Characteristically, the Americans wept louder than the bereaved. Long after BBC had moved on to other news items and developments around the world, CNN remained frozen in a bubble, unable to move beyond the London almost-event. After one week of round- the-clock coverage by Wolf Blitzer, Anderson Cooper, Christian Amanpour, and other members of “the best political team on television”, I almost changed the channel but the intellectual analyst/observer in me persevered. I had to determine just how long CNN was going to mourn the civilians who almost died or who could have been killed in London while treating daily news of hundreds of Iraqi and Afghan civilian deaths in the hands of American soldiers as part of its routine “Happening Now”. No mourning here. Those are just collateral damage!

And so CNN’s self-declared season of mourning continued. On day ten of mourning, CNN was in New Mexico performing an experiment. They bought an automobile similar to one of the London cars, rigged it with explosives similar to those discovered in London, and exploded it in the desert of New Mexico just to assess how much damage could potentially have been done had the bombs in London exploded, just how many civilians could have been killed. Welcome to the domain of Hypothetical damage! The reporter of course wears an appropriate mournful look for the occasion as the results of CNN’s experiment are reeled out. In the interest of the same logic being applicable to the goose and the gander, why has it never occurred to CNN to buy a fighter jet or an apache helicopter, load it with all the cluster bombs that are the regular fare of Afghan and Iraqi women and children, and experiment it in America, if they are suddenly so enamoured of potential scenarios and hypotheticals? Just as their New Mexico experiment allowed them to take project themselves and their audience into the pain, the sorrow, and the anguish of the people of London over the casualties they almost suffered, what exactly is preventing CNN from taking themselves and their audience on a similar tour of the mental and physical anguish of Afghans and Iraqis on accounts of the casualties that they actually suffer as collateral damage from American bombs?

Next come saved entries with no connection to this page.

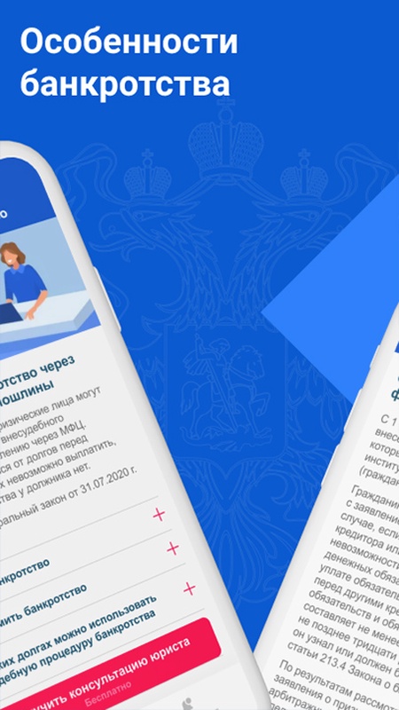 Приложение «Банкротство» содержит актуальную информацию о процедуре банкротства, помогает списать долги и получить бесплатную консультацию юриста онлайн.
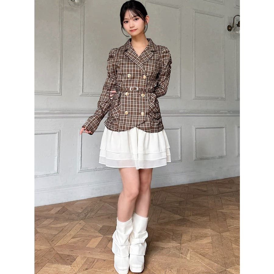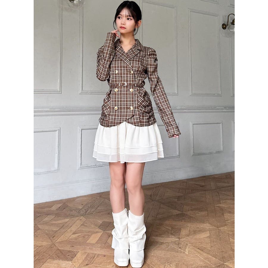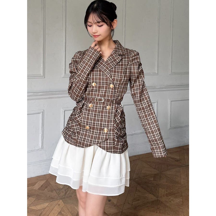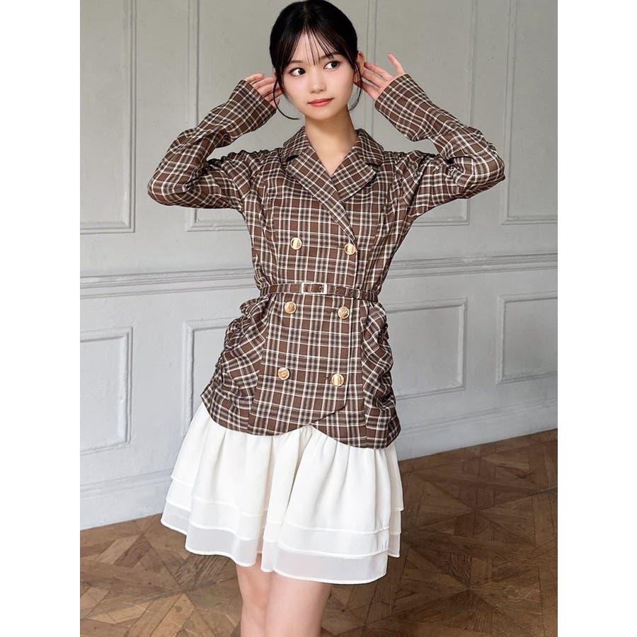 人気だったジャケットワンピースが長袖バージョンで登場♪▽デザイン▽春らしい配色のチェック柄が目を惹く1枚。ジャケットとフリルのペチスカートのSETアイテムなので取り外しができ着回しの幅が広がります。キチンと感がありつつもシアー素材のあるフリルスカートで抜け感のあるバランスの良いアイテムに。細ベルト付きなのでウエストマークができメリハリのあるシルエットを演出。▽カラー▽無地の白と、チェック柄のグレー・ブラウンの3色展開。▽スタイリング▽1枚でトレンド感のあるスタイリングに。ペチスカートはお持ちのアイテムに合わせてもお使いいただけます♪
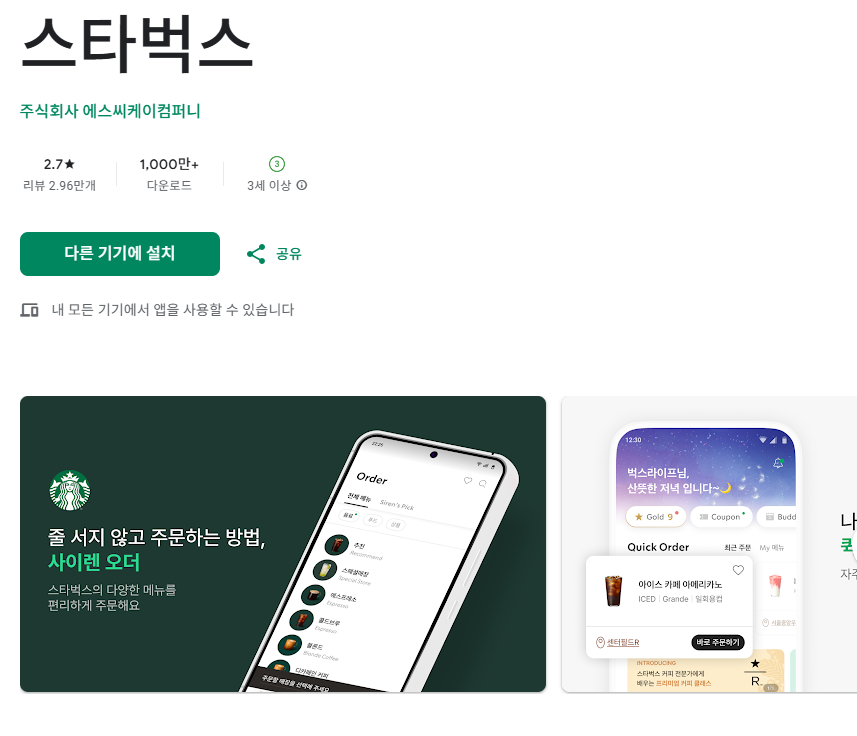 바로 스타벅스 코리아 앱을 설치하는 것입니다.

Slowly but surely, we are headed for an international moral order that privileges hypothetical pain over actual pain, so long as that hypothetical pain is believed to be Western and the actual pain is believed to have a different complexion or slightly flatter noses. Slowly but surely, we are journeying towards a situation in which the hitherto secure democracy of death will be completely unhinged by the West and its primordial instinct to hierarchize. Not only will our dead and their dead not be allowed to be equal, we will now watch our dead compared with and rated lower than the almost dead, the hypothetical dead of Europe and America. This is the destination of CNN’s train and it is our responsibility as intellectuals to refuse a ride on this abominable train, even if the ticket is free!

I hear you...

I have been saying for the last two years and will continue to say, that Western civilization is a sick, decadent and dying . As you say, there's something fundamentally warped with human beings who peg so much on hypothetical, potential deaths while passively ignoring the real ones. Western civilization is one that is afraid of being human, for to embrace humanity - as you say again - is to accept that death is inevitable regardless of who or what one is. No wonder they talk about human rights - they think that by repeating the word, they will be able to forget that they stopped living like human beings 400 years ago when they shackled Africans to ships to go and work in their plantations. As Nikki Giovanni says in Racism 101, the challenge facing the world today is to civilize the Western world.